### What this task involves
Repeat every line from the line containing "TAK! Jamen det" to the end of the data, exactly. Leave the pictures out.
-------- Given data
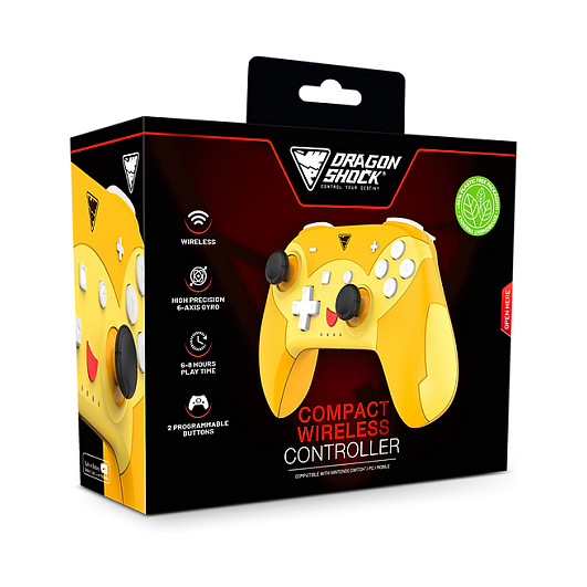 Dragonshock PopTop Compact. Gerätetyp: Gamepad, Gamingplattformen unterstützt: Nintendo Switch, Gaming-Control Funktionsknöpfe: Schaltfläche Zurück, D-Pad, Home button, Reset-Taste. Übertragungstechnik: Kabellos, Geräteschnittstelle: Bluetooth, USB-Stecker: USB Typ-C. Produktfarbe: Orange, Rot, Gelb, Kabellänge: 1 m. Energiequelle: Akku, Akku-/Batterietyp: Eingebaut, Akku-/Batterietechnologie: Lithium-Ion (Li-Ion). Breite: 165 mm, Tiefe: 134 mm, Höhe: 70 mm
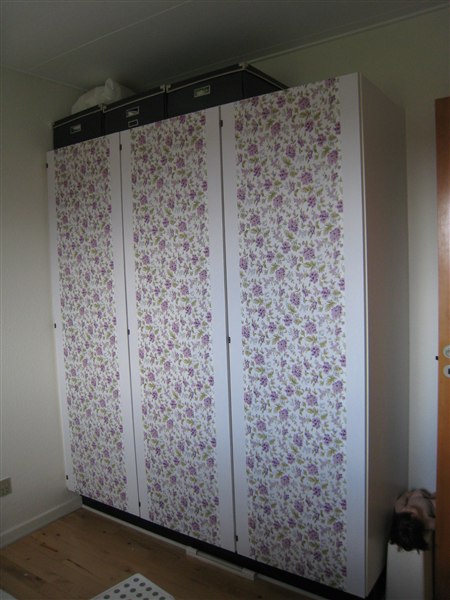TAK! Jamen det er så genialt, at hyldepapir er selvklæbende og blankt i sig selv, så det er bare at klistre det på - ingen forbehandling, ingen efterbehandling, og bliver man træt af det, så hiver man det bare af - og erstatter med noget nyt
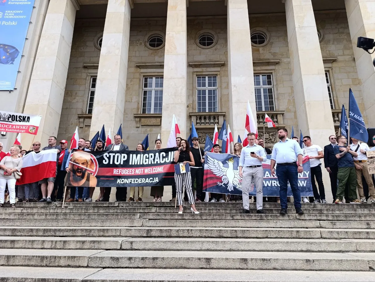 Во Вроцлаве, где сторонники «Конфедерации» собрались у воеводской администрации к обычным антииммигрантским тезисам добавились требования блокировать практику возврата мигрантов из Германии в Польшу.
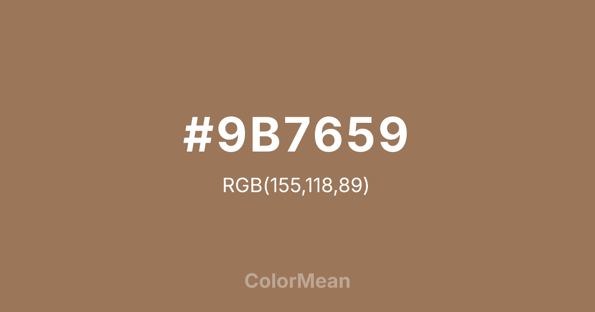 #9B7659 RGB value is (155, 118, 89). The hex color red value is 155, green is 118, and blue is 89. Its HSL format shows a hue of 26°, saturation of 27 percent, and lightness of 48 percent. The CMYK process values are 0 percent, 24 percent, 43 percent, 39 percent.
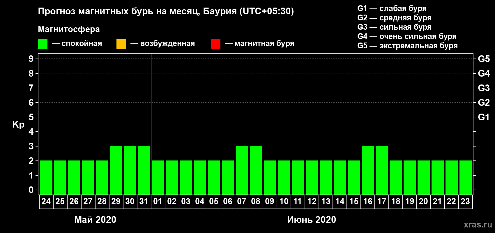 Прогноз магнитных бурь в Баурии на 24 мая 2020 года
----------------
### Output of the task
TAK! Jamen det er så genialt, at hyldepapir er selvklæbende og blankt i sig selv, så det er bare at klistre det på - ingen forbehandling, ingen efterbehandling, og bliver man træt af det, så hiver man det bare af - og erstatter med noget nyt
 Во Вроцлаве, где сторонники «Конфедерации» собрались у воеводской администрации к обычным антииммигрантским тезисам добавились требования блокировать практику возврата мигрантов из Германии в Польшу.
 #9B7659 RGB value is (155, 118, 89). The hex color red value is 155, green is 118, and blue is 89. Its HSL format shows a hue of 26°, saturation of 27 percent, and lightness of 48 percent. The CMYK process values are 0 percent, 24 percent, 43 percent, 39 percent.
 Прогноз магнитных бурь в Баурии на 24 мая 2020 года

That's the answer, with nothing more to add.